• _Data excerpts_:

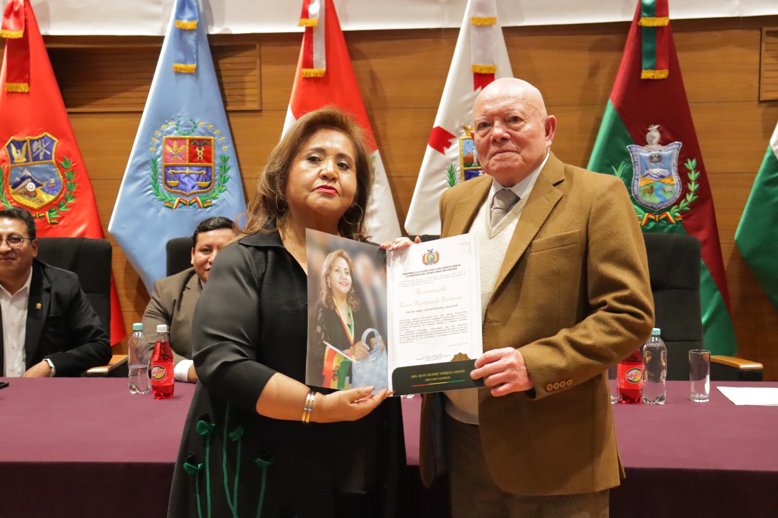En un acto solemne, celebrado en la Asamblea Legislativa Plurinacional, el presidente del Tribunal Supremo Electoral (TSE), Óscar Hassenteufel, fue distinguido este jueves con el galardón Illimani Majestuoso del Bicentenario, otorgado por la Comisión de Derechos Humanos de la Cámara de Diputados, en reconocimiento a su destacada trayectoria, su liderazgo y su compromiso con la democracia.
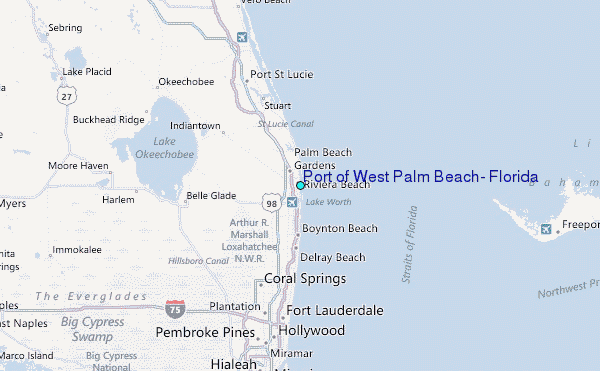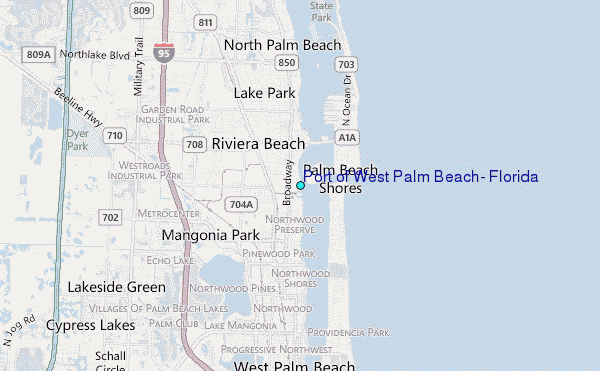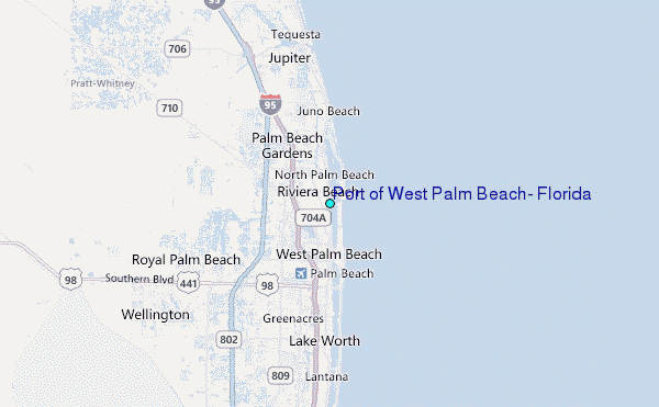 Use this relief map to navigate to tide stations, surf breaks and cities that are in the area of Port of West Palm Beach, Florida.
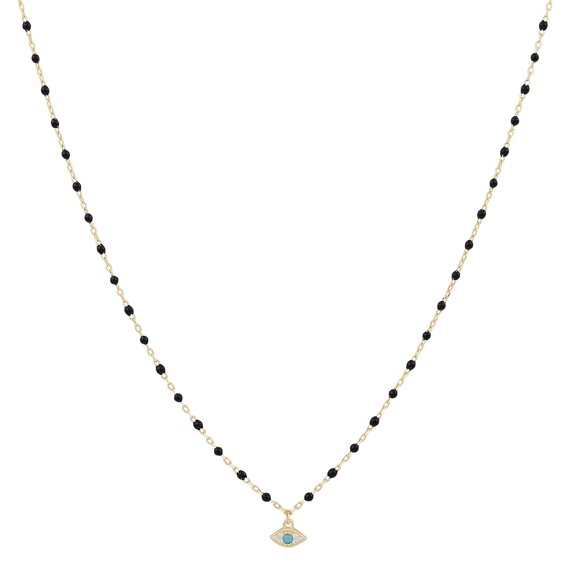 Evil Eye Beaded Necklace Gold Plated — Good Luck Protection
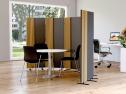 Artikelbeschreibung:geräuschgedämpfter Raumteiler durch Paneel auf Vorder- & Rückseite, stabile Spanplatte mit Melaminharzbeschichtung, Dekorblenden aus recyceltem PET & Holzstreifen in hellem Eichedekor (300 mm tief), Fuß aus pulverbeschichtem Stahl
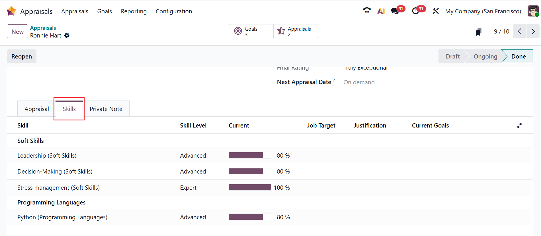 After confirming the appraisal, a new tab will appear named Skills, as shown below. Under the Skills tab, you can view the employee’s skills and their level.
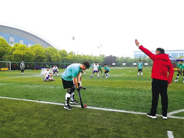 本报讯 4月23日上午,河南省第九届少数民族传统体育运动会木球比赛在周口市体育中心足球场挥板开赛。首场比赛在东道主周口代表队和郑州代表队之间展开。
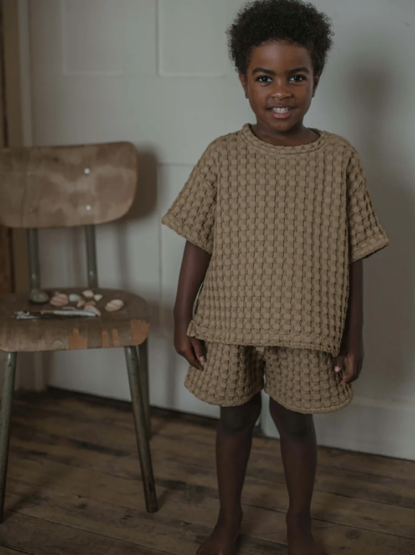 Oversized for the most comfortable fit, The Bay Top is crafted from our delightfully soft, breathable chunky organic cotton waffle. It features a boxy shape, cropped sleeves, snaps at the shoulder, and split side seams to make tucking all the easier.

• _About this task_: Copy all of the data word for word, and keep the pictures out of it.

• _Response area_:
En un acto solemne, celebrado en la Asamblea Legislativa Plurinacional, el presidente del Tribunal Supremo Electoral (TSE), Óscar Hassenteufel, fue distinguido este jueves con el galardón Illimani Majestuoso del Bicentenario, otorgado por la Comisión de Derechos Humanos de la Cámara de Diputados, en reconocimiento a su destacada trayectoria, su liderazgo y su compromiso con la democracia.
 Use this relief map to navigate to tide stations, surf breaks and cities that are in the area of Port of West Palm Beach, Florida.
 Evil Eye Beaded Necklace Gold Plated — Good Luck Protection
 Artikelbeschreibung:geräuschgedämpfter Raumteiler durch Paneel auf Vorder- & Rückseite, stabile Spanplatte mit Melaminharzbeschichtung, Dekorblenden aus recyceltem PET & Holzstreifen in hellem Eichedekor (300 mm tief), Fuß aus pulverbeschichtem Stahl
 After confirming the appraisal, a new tab will appear named Skills, as shown below. Under the Skills tab, you can view the employee’s skills and their level.
 本报讯 4月23日上午,河南省第九届少数民族传统体育运动会木球比赛在周口市体育中心足球场挥板开赛。首场比赛在东道主周口代表队和郑州代表队之间展开。
 Oversized for the most comfortable fit, The Bay Top is crafted from our delightfully soft, breathable chunky organic cotton waffle. It features a boxy shape, cropped sleeves, snaps at the shoulder, and split side seams to make tucking all the easier.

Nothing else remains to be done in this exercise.